§ Data section
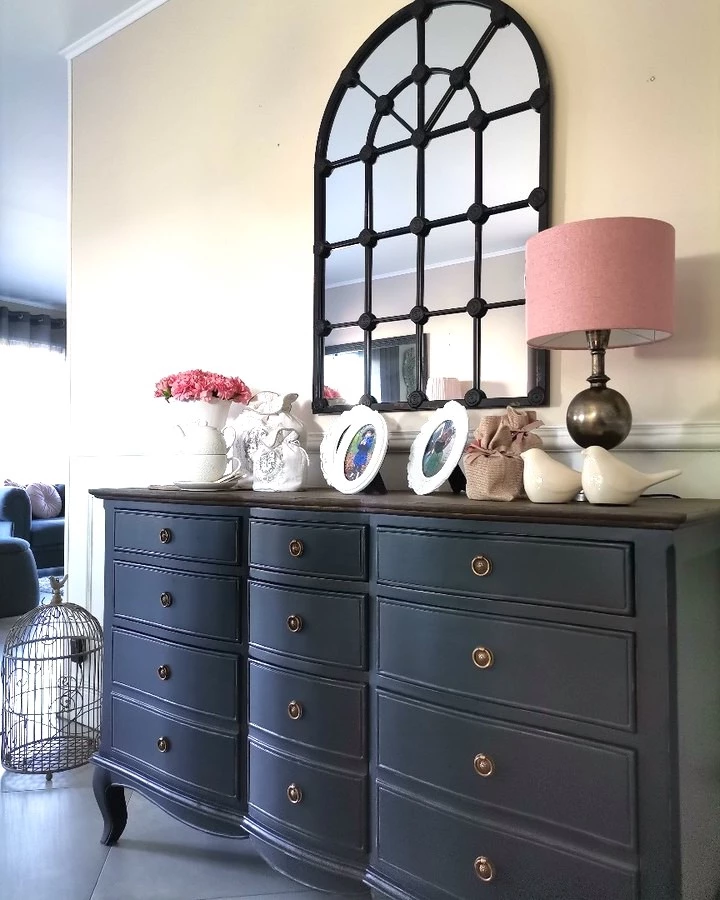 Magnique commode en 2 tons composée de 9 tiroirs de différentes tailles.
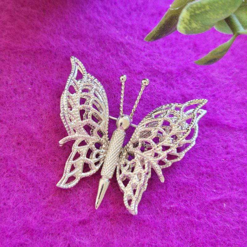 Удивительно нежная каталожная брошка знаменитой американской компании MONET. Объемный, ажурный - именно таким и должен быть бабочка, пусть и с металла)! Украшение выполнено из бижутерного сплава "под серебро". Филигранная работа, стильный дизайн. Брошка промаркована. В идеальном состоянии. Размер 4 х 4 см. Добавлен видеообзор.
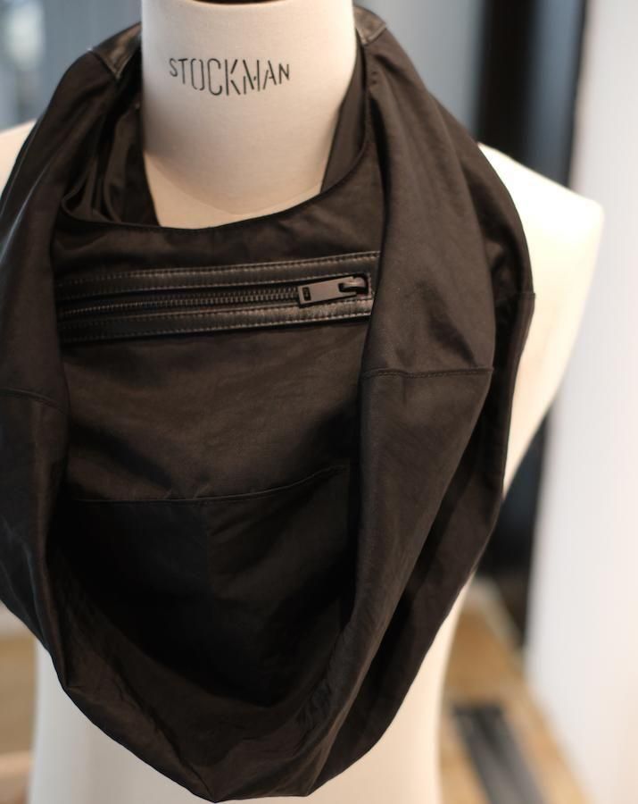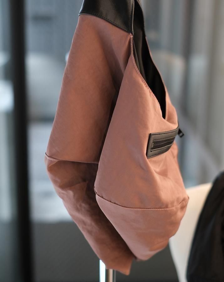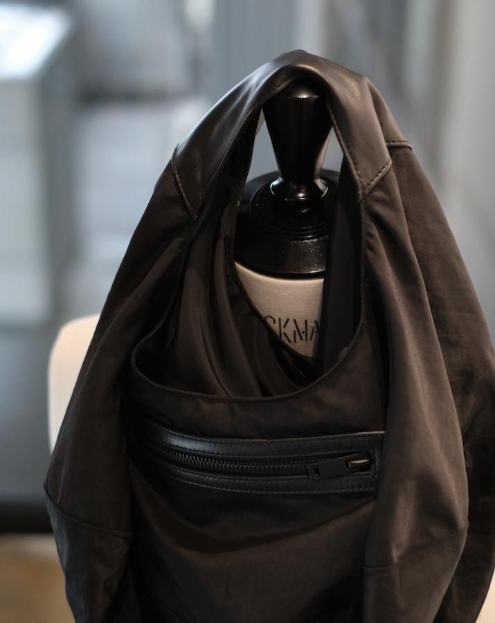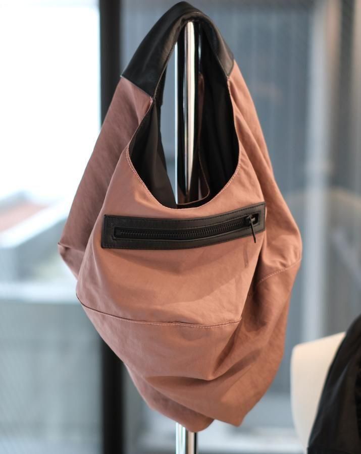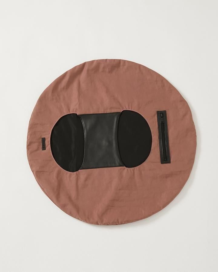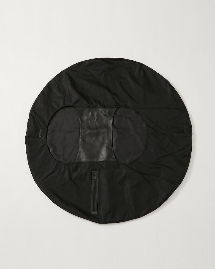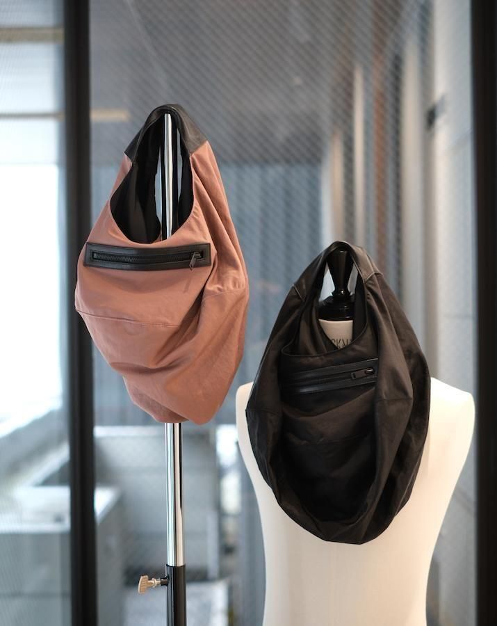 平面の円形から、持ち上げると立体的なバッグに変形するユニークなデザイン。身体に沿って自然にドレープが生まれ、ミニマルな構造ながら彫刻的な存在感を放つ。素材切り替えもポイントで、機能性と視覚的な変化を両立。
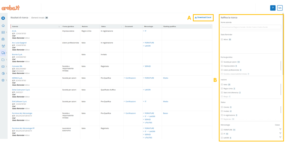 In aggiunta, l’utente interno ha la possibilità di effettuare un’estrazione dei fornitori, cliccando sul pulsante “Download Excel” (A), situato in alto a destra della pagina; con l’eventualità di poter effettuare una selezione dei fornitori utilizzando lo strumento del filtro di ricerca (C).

§ What the task requires
Beginning at the line above that contains "Удивительно нежная каталожная", repeat each line exactly through the one that contains "平面の円形から、持ち上げると", and leave out the pictures.

§ Result of this task
 Удивительно нежная каталожная брошка знаменитой американской компании MONET. Объемный, ажурный - именно таким и должен быть бабочка, пусть и с металла)! Украшение выполнено из бижутерного сплава "под серебро". Филигранная работа, стильный дизайн. Брошка промаркована. В идеальном состоянии. Размер 4 х 4 см. Добавлен видеообзор.
 平面の円形から、持ち上げると立体的なバッグに変形するユニークなデザイン。身体に沿って自然にドレープが生まれ、ミニマルな構造ながら彫刻的な存在感を放つ。素材切り替えもポイントで、機能性と視覚的な変化を両立。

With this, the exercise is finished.